Task goal
Print exactly the lines of the listing below from the one containing "鹿港窯典藏級內畫工藝|戲嬰圖鼻煙壺 妙筆描繪手足情深與家庭溫馨時光" through the final line, both included, and no pictures.

- - - - - - -

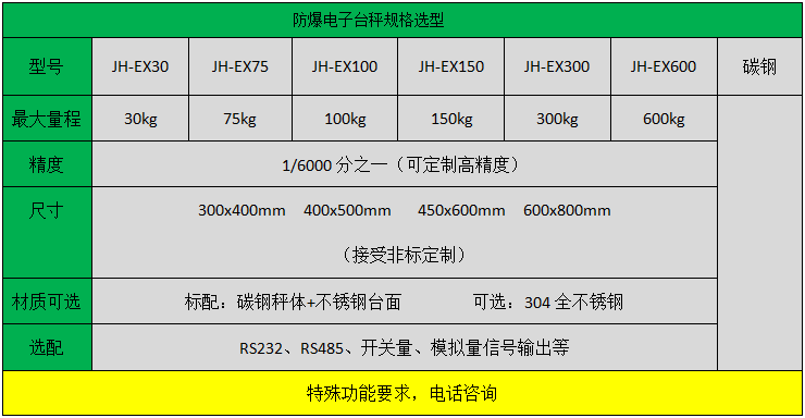 佳禾EX系防爆電子臺(tái)秤:是專為化工、醫(yī)藥、倉(cāng)儲(chǔ)等有爆炸性氣體和爆炸性粉塵環(huán)境而設(shè)計(jì)的專產(chǎn)品
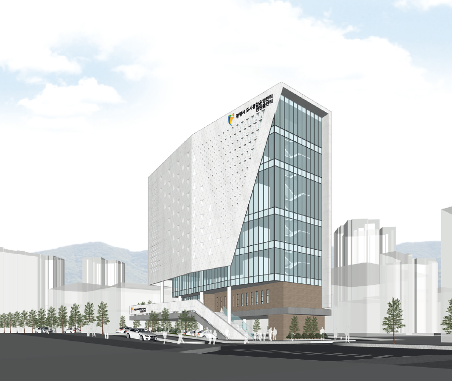‘도시의 눈’의 역할을 하는 도시통합운영센터의 아이덴티티를 반영하여, 투명한 눈동자를 눈꺼풀이 감싸는 것처럼 유리 커튼월로 구성된 업무 공간을 타공패널로 이루어진 스킨으로 감싸 ‘광명시 도시의 눈’이자 광명시의 랜드마크로 발돋움 할 수 있는 디자인을 추구하였다.
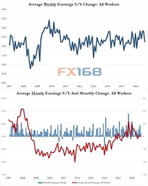 (圖為美國平均每小時薪資走勢 來源:FX168財經網、Zerohedge)
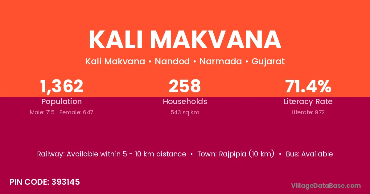 Rajpipla (10 km) is the nearest town to Kali Makvana village for major economic activities and is located approximately 10 km away.
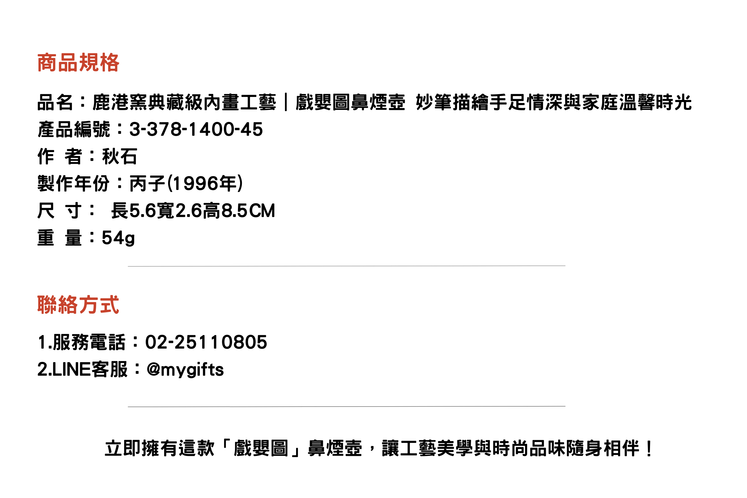 鹿港窯典藏級內畫工藝|戲嬰圖鼻煙壺 妙筆描繪手足情深與家庭溫馨時光
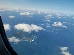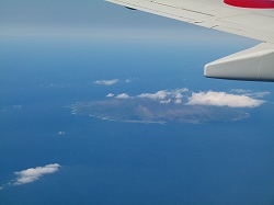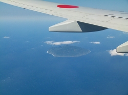 | シートベルト着用のランプが消えたのは比較的早く、眼下にまだ八丈小島(左上画像)が見えていることでした。やがて今回行かれなかった御蔵島(中央)、そして三宅島(右上)と順々に見えてきました。またいつか来るからねー、特に三宅島くん、すぐに来ないからといって怒って噴火なんかするんじゃないよ、そうしたらもっと長い期間来ない(来られない)からねーっ! このあとさらに式根&新島、さらにはずっと遠くの方に富士山なども見えていましたがここでは省略。飛行機はたった45分足らずで東京都亜熱帯区から大田区の羽田空港に到着してしまいました。 |

- - - - - - -

Written solution
 鹿港窯典藏級內畫工藝|戲嬰圖鼻煙壺 妙筆描繪手足情深與家庭溫馨時光
 | シートベルト着用のランプが消えたのは比較的早く、眼下にまだ八丈小島(左上画像)が見えていることでした。やがて今回行かれなかった御蔵島(中央)、そして三宅島(右上)と順々に見えてきました。またいつか来るからねー、特に三宅島くん、すぐに来ないからといって怒って噴火なんかするんじゃないよ、そうしたらもっと長い期間来ない(来られない)からねーっ! このあとさらに式根&新島、さらにはずっと遠くの方に富士山なども見えていましたがここでは省略。飛行機はたった45分足らずで東京都亜熱帯区から大田区の羽田空港に到着してしまいました。 |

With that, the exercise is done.